Prompt ▸ Begin at the line holding "Mai știm în" and set down exactly each line through the last one below, omitting pictures. Include nothing else.

Raw data ▸
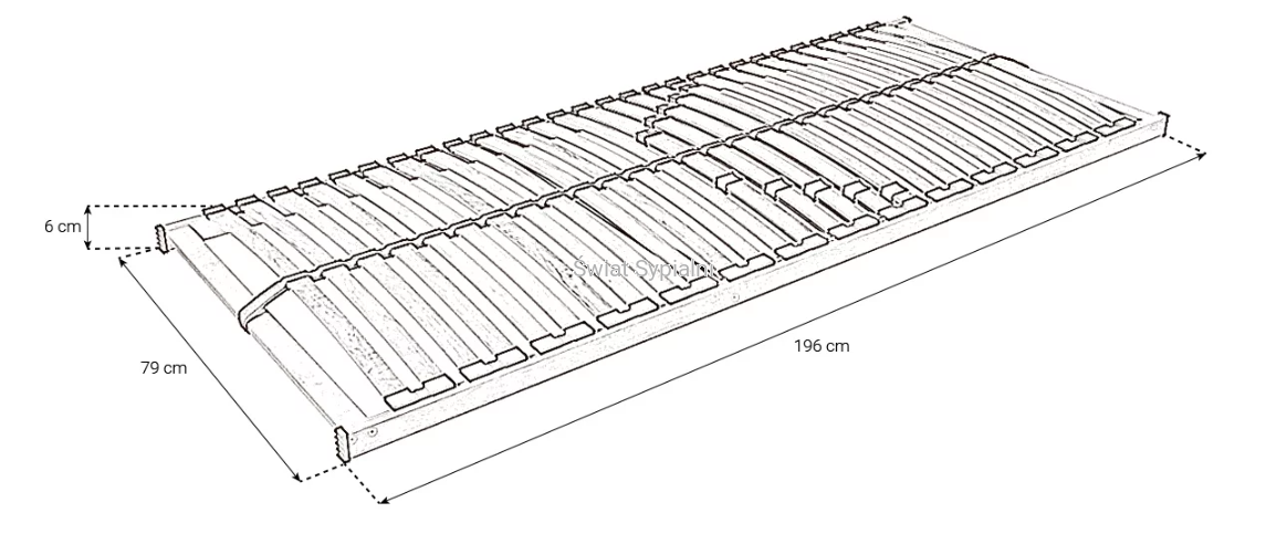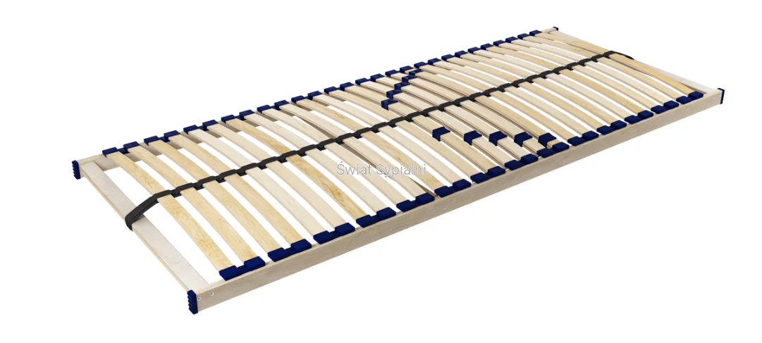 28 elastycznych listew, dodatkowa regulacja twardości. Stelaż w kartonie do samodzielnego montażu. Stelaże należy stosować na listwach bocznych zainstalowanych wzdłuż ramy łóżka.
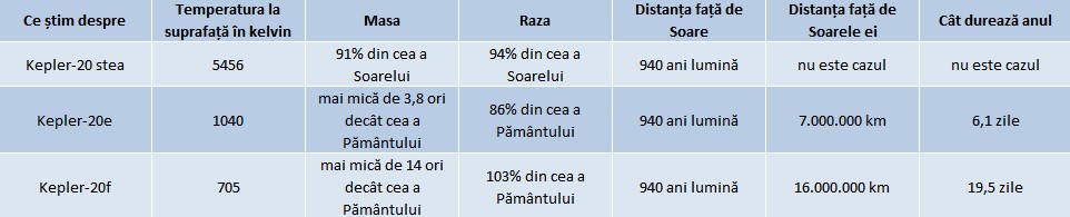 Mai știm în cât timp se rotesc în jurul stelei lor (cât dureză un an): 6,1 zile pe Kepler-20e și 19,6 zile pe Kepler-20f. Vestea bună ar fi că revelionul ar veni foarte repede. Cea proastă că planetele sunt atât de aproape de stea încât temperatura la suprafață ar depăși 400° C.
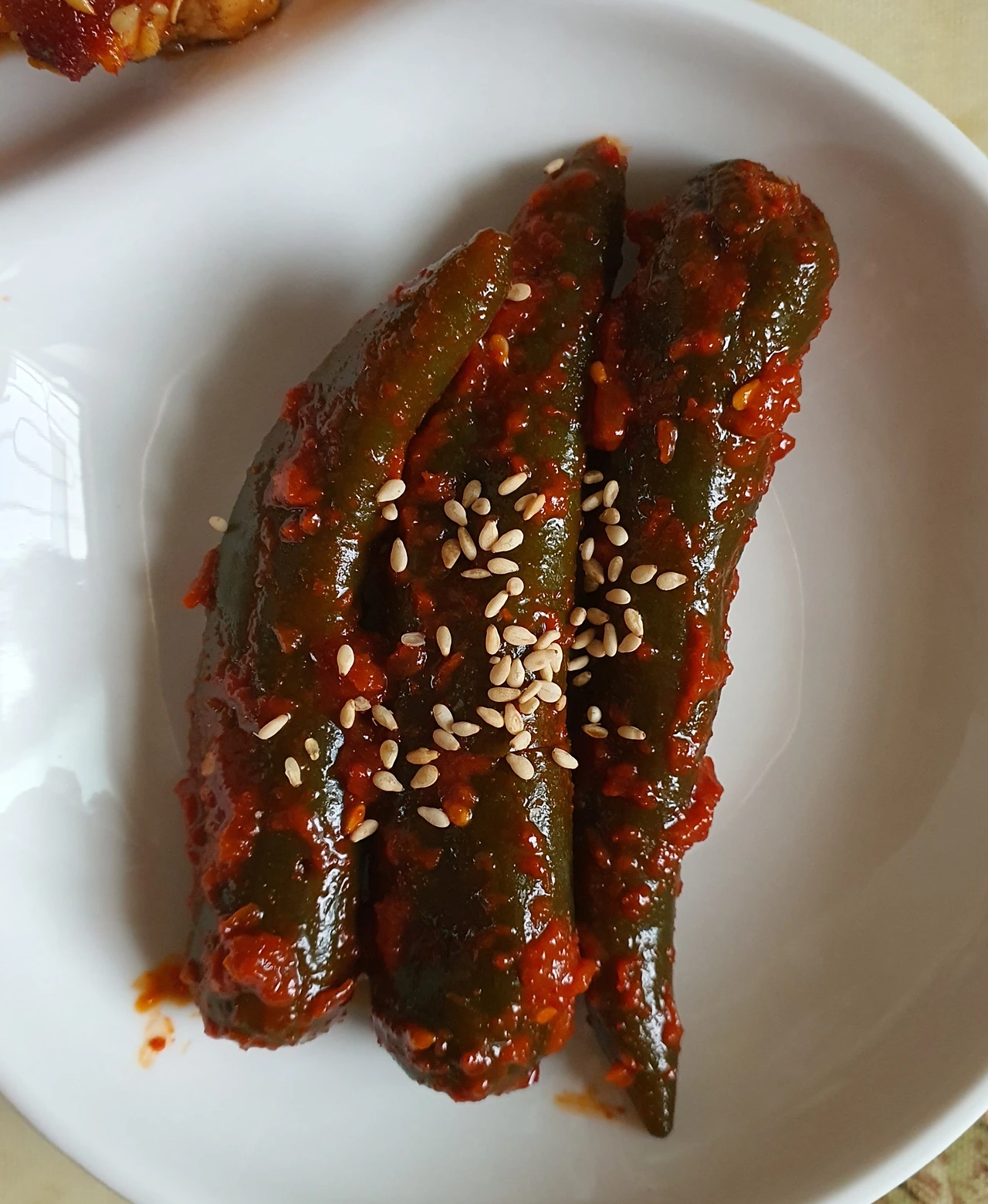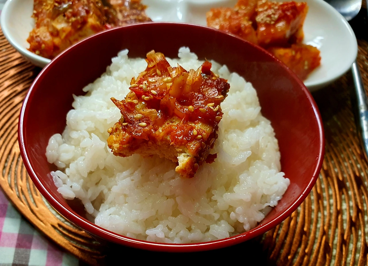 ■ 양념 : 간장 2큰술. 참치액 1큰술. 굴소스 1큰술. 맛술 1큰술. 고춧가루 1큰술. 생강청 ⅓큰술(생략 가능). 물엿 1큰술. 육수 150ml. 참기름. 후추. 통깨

Exercise output ▸
 Mai știm în cât timp se rotesc în jurul stelei lor (cât dureză un an): 6,1 zile pe Kepler-20e și 19,6 zile pe Kepler-20f. Vestea bună ar fi că revelionul ar veni foarte repede. Cea proastă că planetele sunt atât de aproape de stea încât temperatura la suprafață ar depăși 400° C.
 ■ 양념 : 간장 2큰술. 참치액 1큰술. 굴소스 1큰술. 맛술 1큰술. 고춧가루 1큰술. 생강청 ⅓큰술(생략 가능). 물엿 1큰술. 육수 150ml. 참기름. 후추. 통깨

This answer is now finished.